## What you should do
Each line of the data must be given back verbatim, with pictures removed.

## Collected material
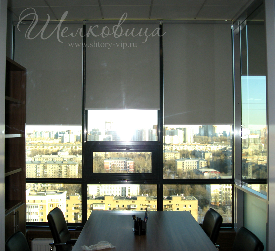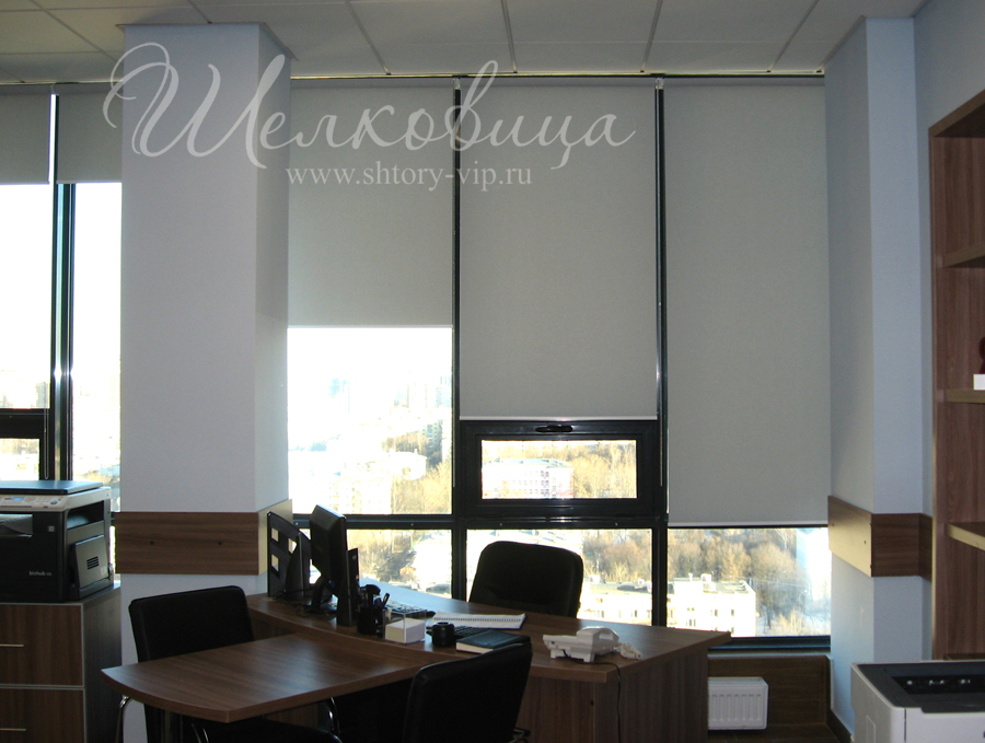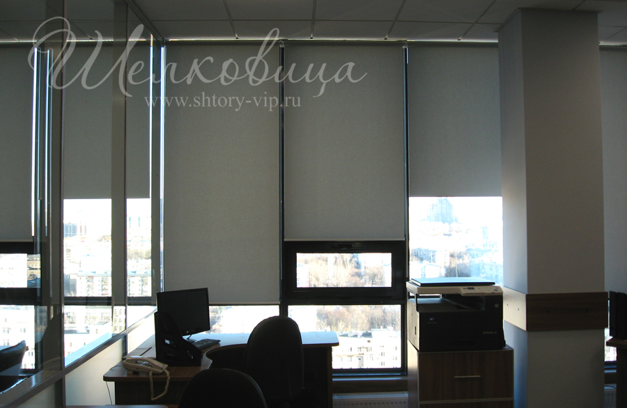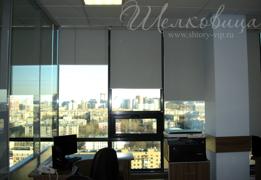 Рулонные шторы в офисе на солнечной стороне здания просты по решению и удобны в управлении. Подбор цвета и плотности рулонной ткани исполняется в большом спектре, по образцам.
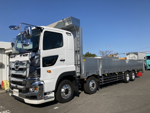 未使用・4軸低床・平ボディーが入荷いたしました。 ミッションはマニュアル7速でエンジンは380馬力、後輪エアサス仕様です。 荷台内寸はL=9.45m、W=2.35m、H=0.68m)で積載量は14,300㎏とれております。 ボディーは人気の高い山田車体製アルミブロックで蝶番はステンレスを使用しており、アルミホイール・キャブメッキ装着と見た目も良い一台です。是非この機会にお問い合わせください!
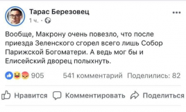 Тарас, как все уже знают, достойно связал пожар в Нотр-Даме с визитом клоуна в Париж. Хорошо, говорит, что Елисейский дворец не сгорел. Креативно, свежо и хайпово. Мгновенный успех поста. Всеобщее признание и критика посла Франции в Украине. Тысячи «порохоботов» люто позавидовали успеху своего более смелого и продвинутого коллеги. Вот почему именно этому утырку, а не им пришла в голову мысль связать пожар с клоуном? Потом, правда, попустило, поскольку, повторюсь, времена немного другие настали. Березовца стали троллить. А когда появился возмущенный твитт французского дипломата, ведущего с «несгораемым пердаком» стало слегка штормить. Понимаете, какое дело… У нас, конечно, безвизовый режим, однако шоппинг в «Галери Лафайет» может накрыться. Лучше «потереть» и написать красивое оправдание. Что Тарас блестяще и исполнил в стиле лидера «порохоботов». Он как бы и извинился, но дал понять, что Зеленский все равно является дебилом.
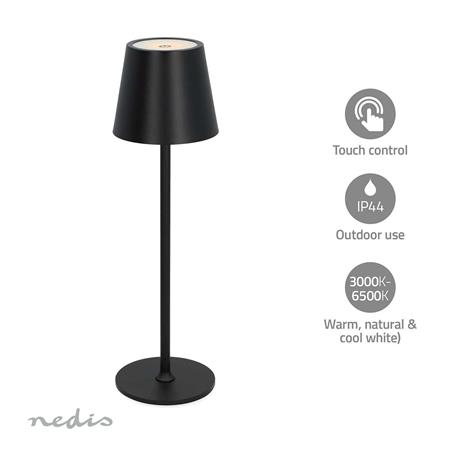LED | 1.8 W | 150 lm | 3000 - 6000 K | Černá • Dobíjecí venkovní LED stolní svítidlo • S plynule stmívatelným dotykovým ovládáním (teplá, přirozená a studená bílá) • Stylový a moderní design se zúženým hliníkovým tlakově litým stínítkem • S integrovaným nabíjecím portem USB-C • Vestavěná dobíjecí li-ion baterie s max. dobou svícení až 40 hodiny • Ideální pro použití v ložnici, studovně, obývacím pokoji nebo jídelně • S krytím IP44 pro venkovní použití v barech, kavárnách, restauracích, hotelech a kempech • Vybaveno váženou základnou pro lepší stabilitu lampy Specifikace produktu Šířka 115 mm Výška 280 mm Hloubka 115 mm Hmotnost 713 g Barva Černá Materiál ABS Hliník Plast Dobíjecí Ano Typ zdroje napájení Napájení z baterie Délka napájecího kabelu 1.00 m Vstupní napětí 5 V DC Index podání barev (Ra) 80 Včetně žárovky Integrované Technologie LED Včetně baterií Ano Jmenovitá životnost žárovky 15000 h IP krytí IP44 Požadované baterie (součástí balení) Vestavěný Lithium-Ion Stmívatelné Ano Jmenovitý světelný tok 150 lm Energetická třída E Startovní čas Méně než 0,2 s Zahřívací doba na 60% svítivosti Méně než 0,5 s Okolní teplota -20 - 40 °C Příkon 1.8 W Počet produktů v balení 1 kusů Silový faktor ? 0.6 Počet spínacích cyklů 15000 Spínacích Cyklů Barva světla Teplé až chladné bílé Barevná teplota 3000 - 6000 K Spotřeba energie za 1 000 hodin 1.8 kWh Úhel paprsku 80 ° Lumen faktor 0 % |

## Output
 Рулонные шторы в офисе на солнечной стороне здания просты по решению и удобны в управлении. Подбор цвета и плотности рулонной ткани исполняется в большом спектре, по образцам.
 未使用・4軸低床・平ボディーが入荷いたしました。 ミッションはマニュアル7速でエンジンは380馬力、後輪エアサス仕様です。 荷台内寸はL=9.45m、W=2.35m、H=0.68m)で積載量は14,300㎏とれております。 ボディーは人気の高い山田車体製アルミブロックで蝶番はステンレスを使用しており、アルミホイール・キャブメッキ装着と見た目も良い一台です。是非この機会にお問い合わせください!
 Тарас, как все уже знают, достойно связал пожар в Нотр-Даме с визитом клоуна в Париж. Хорошо, говорит, что Елисейский дворец не сгорел. Креативно, свежо и хайпово. Мгновенный успех поста. Всеобщее признание и критика посла Франции в Украине. Тысячи «порохоботов» люто позавидовали успеху своего более смелого и продвинутого коллеги. Вот почему именно этому утырку, а не им пришла в голову мысль связать пожар с клоуном? Потом, правда, попустило, поскольку, повторюсь, времена немного другие настали. Березовца стали троллить. А когда появился возмущенный твитт французского дипломата, ведущего с «несгораемым пердаком» стало слегка штормить. Понимаете, какое дело… У нас, конечно, безвизовый режим, однако шоппинг в «Галери Лафайет» может накрыться. Лучше «потереть» и написать красивое оправдание. Что Тарас блестяще и исполнил в стиле лидера «порохоботов». Он как бы и извинился, но дал понять, что Зеленский все равно является дебилом.
LED | 1.8 W | 150 lm | 3000 - 6000 K | Černá • Dobíjecí venkovní LED stolní svítidlo • S plynule stmívatelným dotykovým ovládáním (teplá, přirozená a studená bílá) • Stylový a moderní design se zúženým hliníkovým tlakově litým stínítkem • S integrovaným nabíjecím portem USB-C • Vestavěná dobíjecí li-ion baterie s max. dobou svícení až 40 hodiny • Ideální pro použití v ložnici, studovně, obývacím pokoji nebo jídelně • S krytím IP44 pro venkovní použití v barech, kavárnách, restauracích, hotelech a kempech • Vybaveno váženou základnou pro lepší stabilitu lampy Specifikace produktu Šířka 115 mm Výška 280 mm Hloubka 115 mm Hmotnost 713 g Barva Černá Materiál ABS Hliník Plast Dobíjecí Ano Typ zdroje napájení Napájení z baterie Délka napájecího kabelu 1.00 m Vstupní napětí 5 V DC Index podání barev (Ra) 80 Včetně žárovky Integrované Technologie LED Včetně baterií Ano Jmenovitá životnost žárovky 15000 h IP krytí IP44 Požadované baterie (součástí balení) Vestavěný Lithium-Ion Stmívatelné Ano Jmenovitý světelný tok 150 lm Energetická třída E Startovní čas Méně než 0,2 s Zahřívací doba na 60% svítivosti Méně než 0,5 s Okolní teplota -20 - 40 °C Příkon 1.8 W Počet produktů v balení 1 kusů Silový faktor ? 0.6 Počet spínacích cyklů 15000 Spínacích Cyklů Barva světla Teplé až chladné bílé Barevná teplota 3000 - 6000 K Spotřeba energie za 1 000 hodin 1.8 kWh Úhel paprsku 80 ° Lumen faktor 0 % |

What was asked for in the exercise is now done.